◆ EXERCISE DETAILS: Restate, word for word and with no pictures, the stretch of lines in the data below that begins at the line with "曼城官方社媒发布了为此役制作的海报,内容为哈兰德、谢尔基庆祝的场景。" and ends at the line with "The Arnold Palmer", inclusive.

◆ SOURCE DATA:
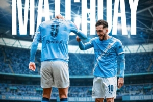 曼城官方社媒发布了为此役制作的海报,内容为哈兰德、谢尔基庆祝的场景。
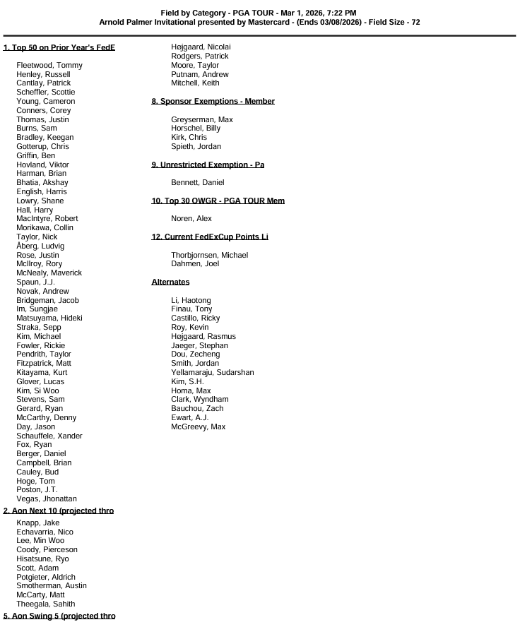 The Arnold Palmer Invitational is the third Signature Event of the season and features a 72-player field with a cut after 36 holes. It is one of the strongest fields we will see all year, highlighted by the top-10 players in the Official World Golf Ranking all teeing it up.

...

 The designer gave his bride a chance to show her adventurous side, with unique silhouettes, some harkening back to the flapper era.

◆ RESULT OF THE EXERCISE:
 曼城官方社媒发布了为此役制作的海报,内容为哈兰德、谢尔基庆祝的场景。
 The Arnold Palmer Invitational is the third Signature Event of the season and features a 72-player field with a cut after 36 holes. It is one of the strongest fields we will see all year, highlighted by the top-10 players in the Official World Golf Ranking all teeing it up.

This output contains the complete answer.